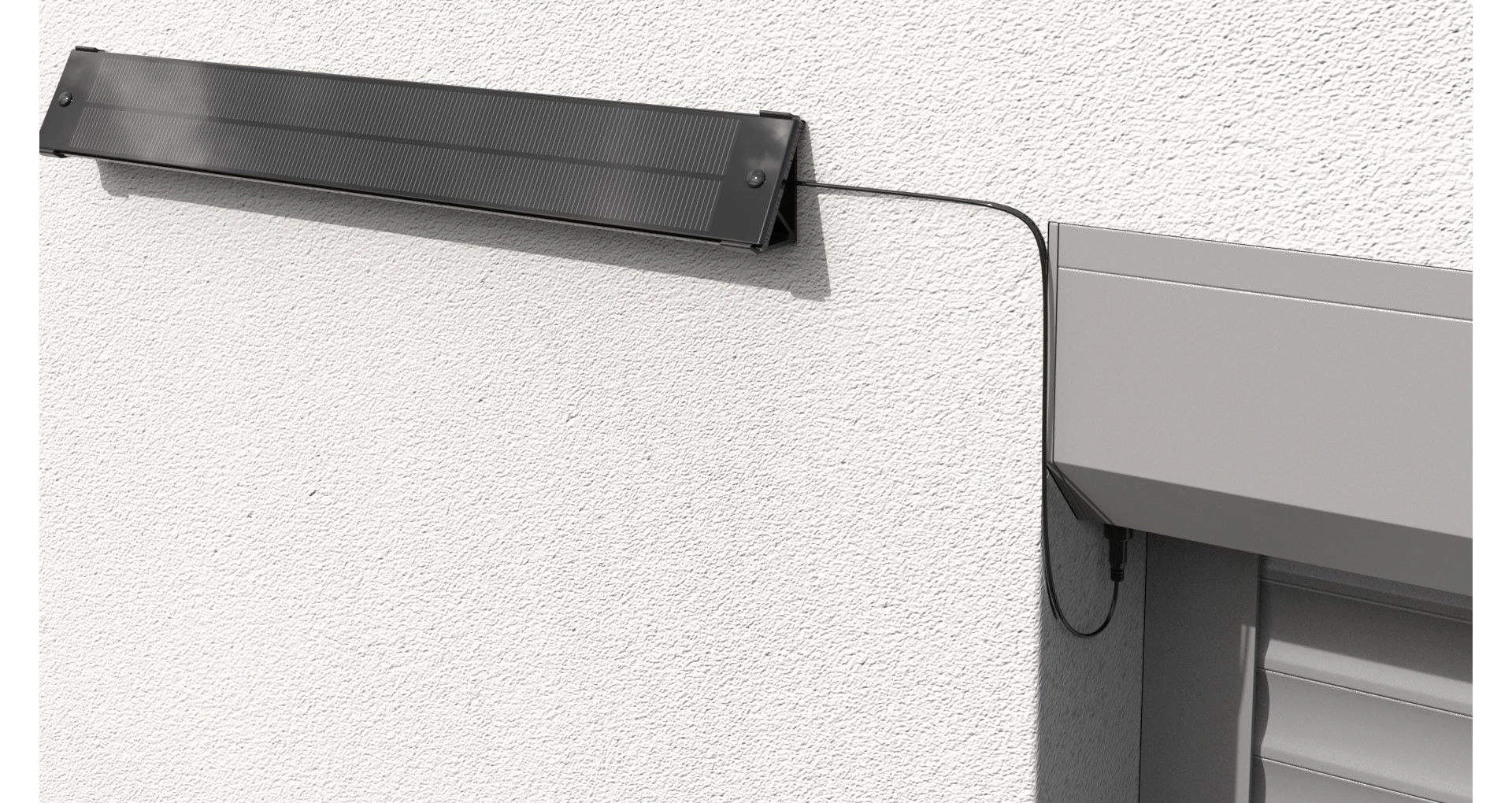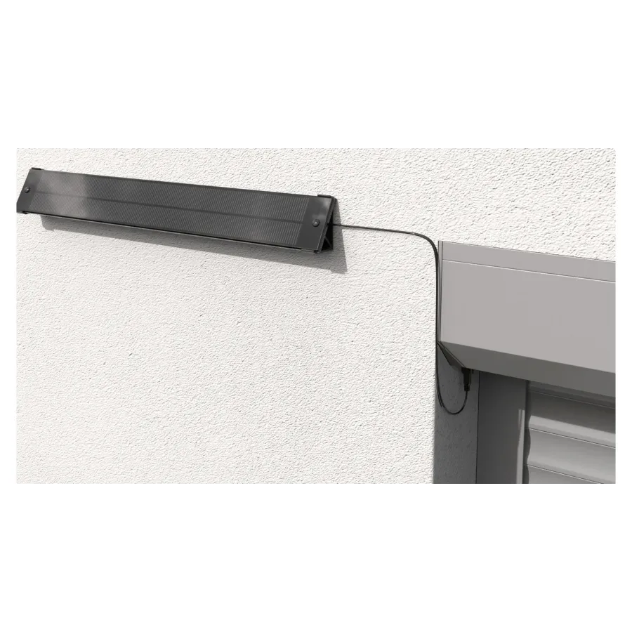 Les panneaux solaires peuvent être en pose déportée au mur avec 2 supports muraux Somfy pour inclinaison de 15°. Le câble, de couleur noire, part du dessous du coffre pour rejoindre le panneau.
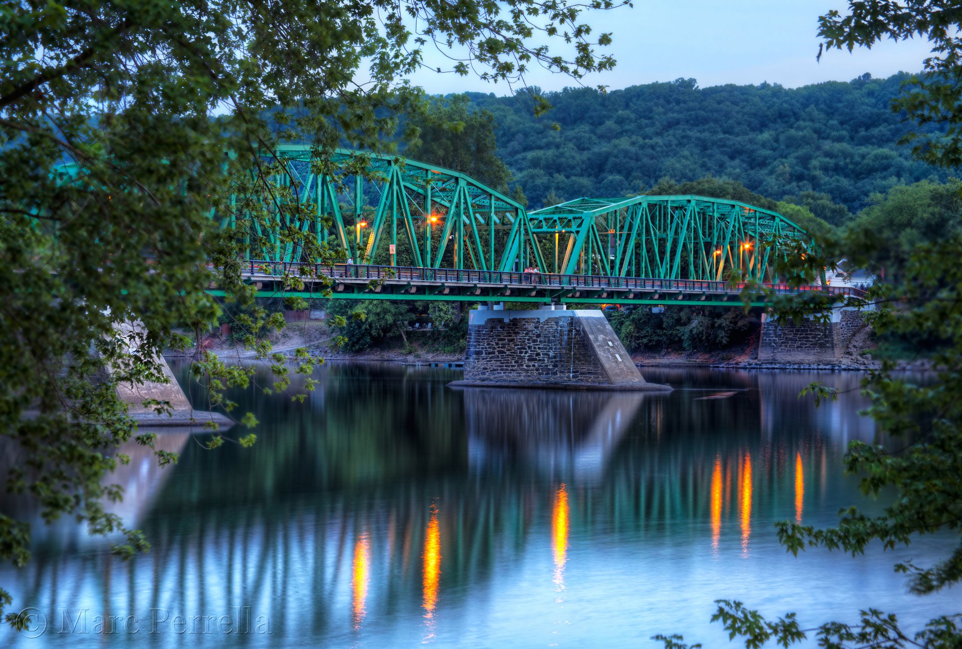 Zielony Most w światłach na rzece
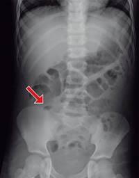 Figura 1: Placa simple de abdomen en la que se aprecia una rectificación antálgica de la columna. La flecha indica un asa fija en fosa iliaca derecha.
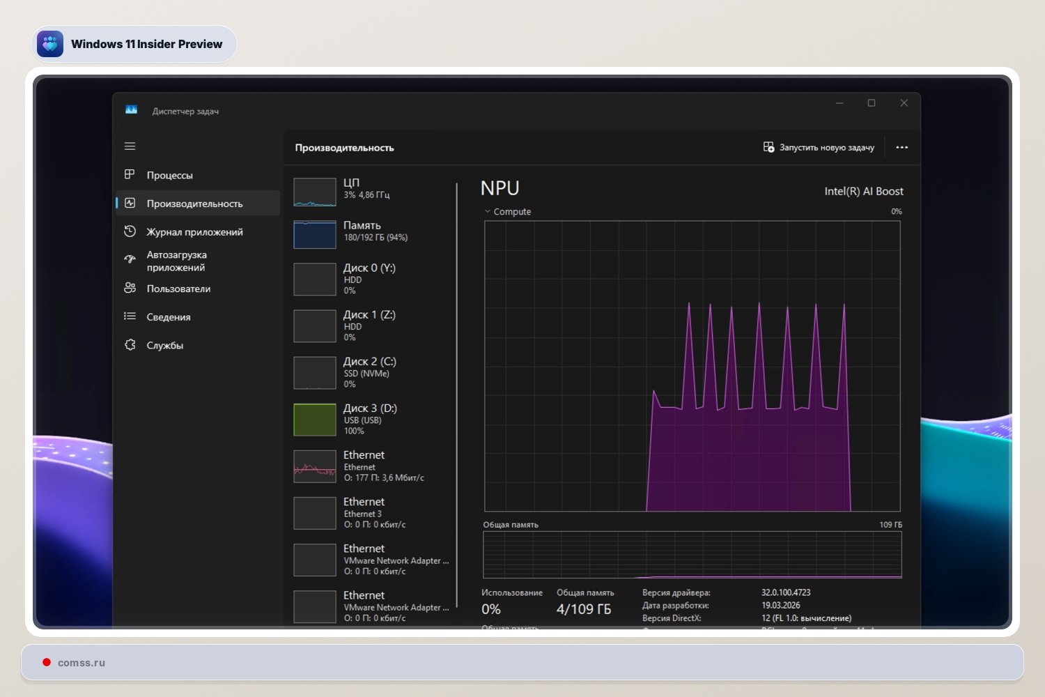 NPU в Диспетчере задач
-.-.-
:: Your instructions ::
All that belongs in the answer is the exact run of lines from the line containing "Zielony Most w światłach na rzece" to the end of the listing above, pictures removed.

:: Written response ::
 Zielony Most w światłach na rzece
 Figura 1: Placa simple de abdomen en la que se aprecia una rectificación antálgica de la columna. La flecha indica un asa fija en fosa iliaca derecha.
 NPU в Диспетчере задач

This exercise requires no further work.